2. More importantly, It's probably best to **focus on fixing problems that can be first be found at the member level with standard verification mode**. On the contrary, starting by looking for problems at the IA mode might cause you to spend effort on trouble that maybe isn't really there. Dafny's `--filter-symbol` is a great way to avoid the temptation of fishing for unnecessary trouble in IA mode.

### Keep in mind that, in IA mode, ABs are "chained". If one fails, the rest are removed.

To minimize noise, once an AB fails in IA mode, we ignore subsequent ABs in the same iteration. In such a case, the tables will show that some ABs have a smaller number of results than previous ones. In the extreme case of only 1 result remaining for a given AB, it will be tagged with the ❗️ icon.

## Some remedies to keep in mind

### Dafny standard library

Since version 4.4, Dafny includes a standard library that provides pre-verified code. This library includes helper lemmas for things like bitwise manipulation and non-linear arithmetic, which are typical verification pain points. Using this library instead of implementing one's own version might save much work; or, if a reimplementation is needed, can at least offer examples of how things were implemented by Dafny's own developers.

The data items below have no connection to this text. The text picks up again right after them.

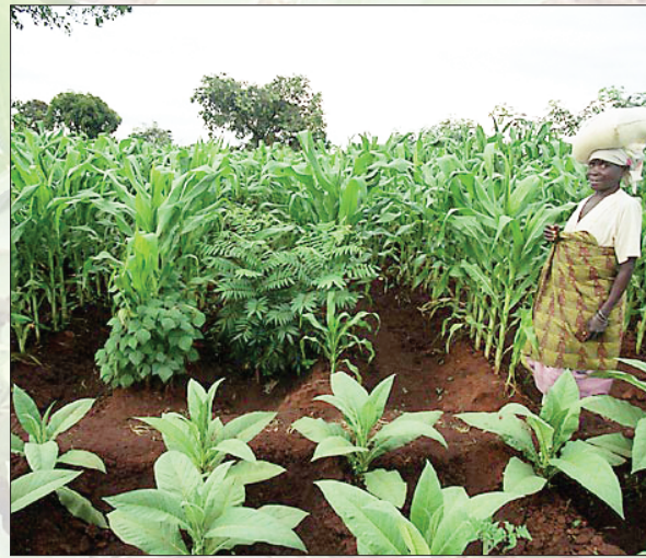
A healthy crop fertilised by the trees planted within the garden

by, a systematic approach need to be taken when introducing it. One of the most effective approaches is for farmers to accurately identify the problem (of soil degradation). Then, taking farmers on a field visit to those who have successfully practised agroforestry, with visible benefits in terms of crop yields, or showing a film of the same farmer, can stimulate interest and commitment among farmers to adopt agroforestry technologies.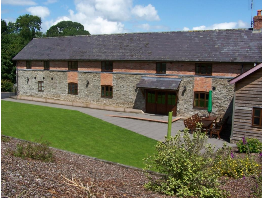
Orchard House front entrance ramp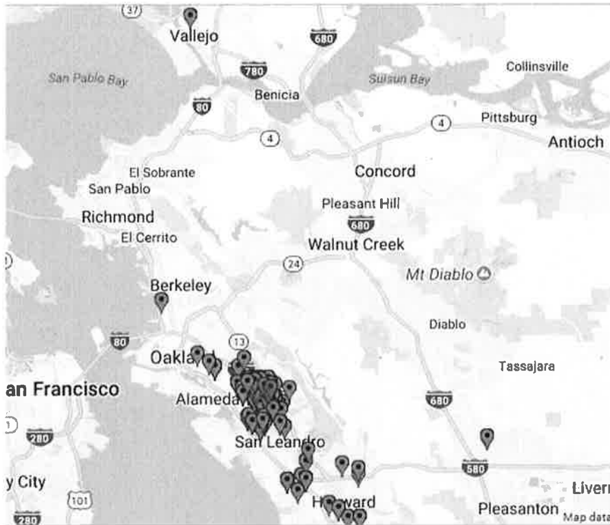
ACA Zoom Out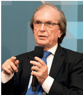
Friedrich Stickler President of Play Fair Code

“The Play Fair Code is definitely a very special organization and certainly a best-in-class example in the field of global initiatives to combat match-fixing. This was clearly demonstrated once again by the Play Fair Code Talks in Vienna. We very much appreciate that the Play Fair Code is on the side of the IOC and regularly supports and accompanies our initiatives and training offerings with its expertise.”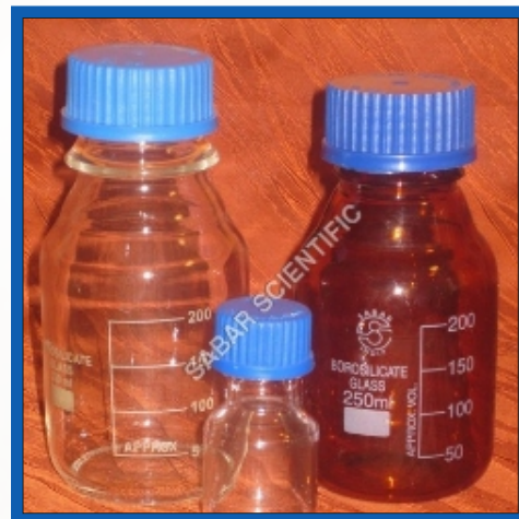
Glass Reagent Bottle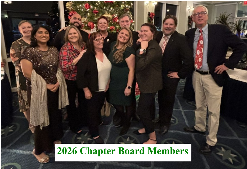
2026 Chapter Board Members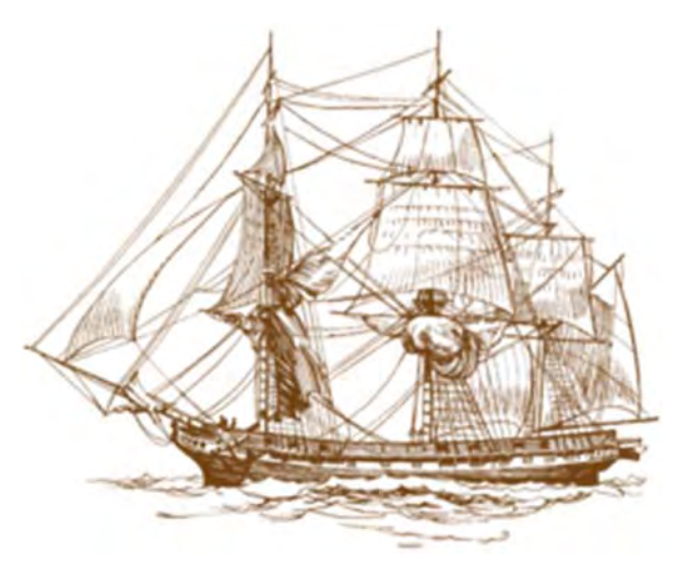
British Frigate similar to the HMS Liverpool ca 1775

December 14<sup>th</sup>, Woodford and Howe, with Howe in command, moved into Norfolk with about 1200 men. Howe immediately adopted a hard line in dealing with Dunmore's ship captains denying them requested supplies for the overcrowded ships. Like Dunmore, Howe understood that he could not hold Norfolk. He recognized that a British expeditionary force could easily land beyond the town and isolate him. He, therefore, sent a message to Williamsburg requesting the town be abandoned.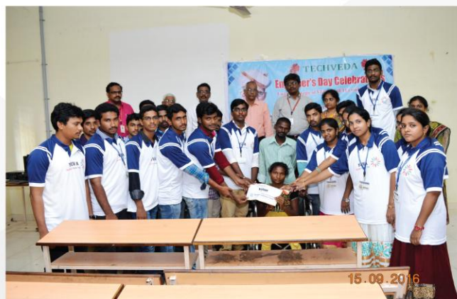
Team YUVA donating Money to the Paralysed person

As a part of this program, the students have donated an amount of Rs. 10,000 to a physically challenged person from a poor family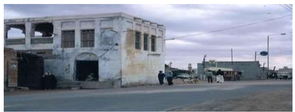
Yousif Bin Naser building double floor called (ghorfa): this building was demolished.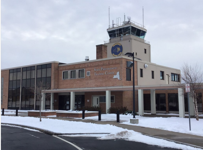
Seminar—Managing Chaos: Boston Marathon Bombing NYS Preparedness Training Center Oriskany NY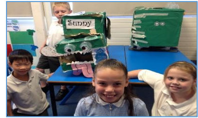
Year 3 Recycling Monsters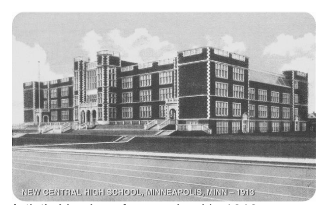
Artist's Version of new school in 1913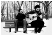
Daniel and the Lion May 23, 8:00PM @The Englert Theatre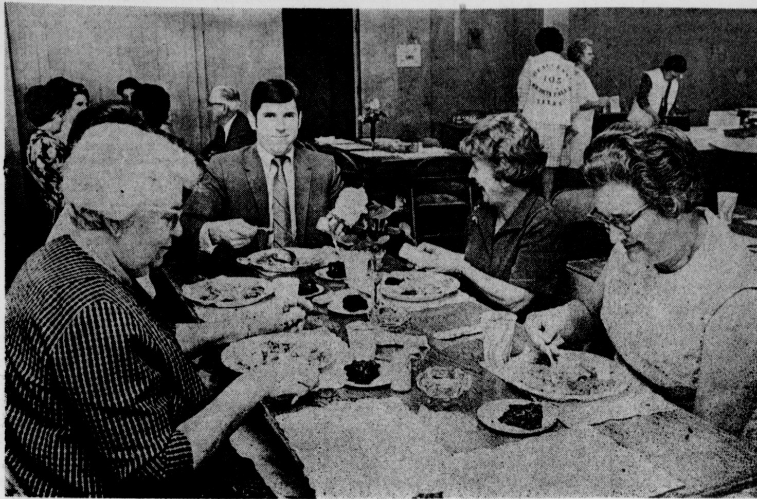
Recently the Social Order of Beauceant of Wichita Falls had a tasting luncheon which featured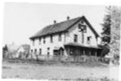
Alert Bay "Boys" - The old Boys School (39 years old) (13a-c004554-d1086-001)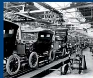
This is what revolutionized the way cars were built - the assembly line for Model T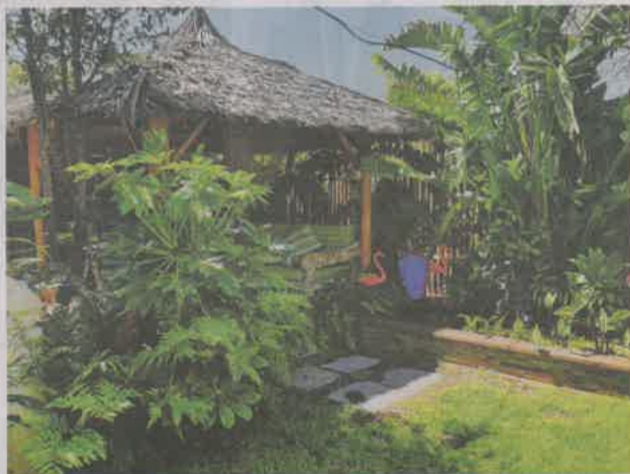
Barossa's tropical oasis

An old door at what appears to be the end of the garden opens to an area of lawn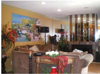
Living area before with out of date colour: mustard yellow wall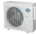
18K, 24K & 30K BTU/hr condensing units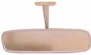
TH-1263 COLT, DELICA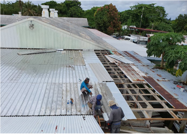
SEOM classroom & laboratory roof replacement

On September 07, 2020 the Palau Community College Small Engine & Outboard Marine Technology program's classroom and laboratory roof were replaced due in part of ongoing college initiative to upgrade and renovate existing facilities.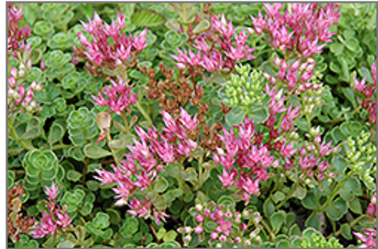
John Creech Stonecrop flowers

John Creech Stonecrop is recommended for the following landscape applications;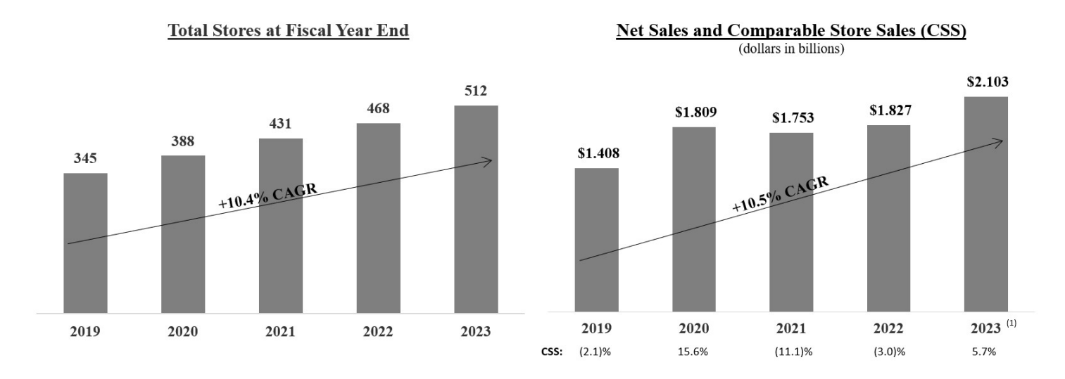
(1) 2023 consisted of 53 weeks compared with 52 weeks in the prior-year periods.

### Section on Verification debugging in Ref Manual

See [here](https://dafny.org/dafny/DafnyRef/DafnyRef.html#sec-brittle-verification).


# Hacking

Clone the repo to your system and install it in editable mode with pipx, poetry or similar tools.

```
cd darum
pipx install -e .
```

DARUM's plots use HoloViz, a Python library that configures and deploys Javascript libraries into a standalone, interactive HTML page. This complexity combined with Python's own packaging complexities mean that if you try to run DARUM's scripts directly, the generated HTML pages will fail to work.

Hence, **remember to use the user-facing scripts installed by tools like pipx and poetry instead**.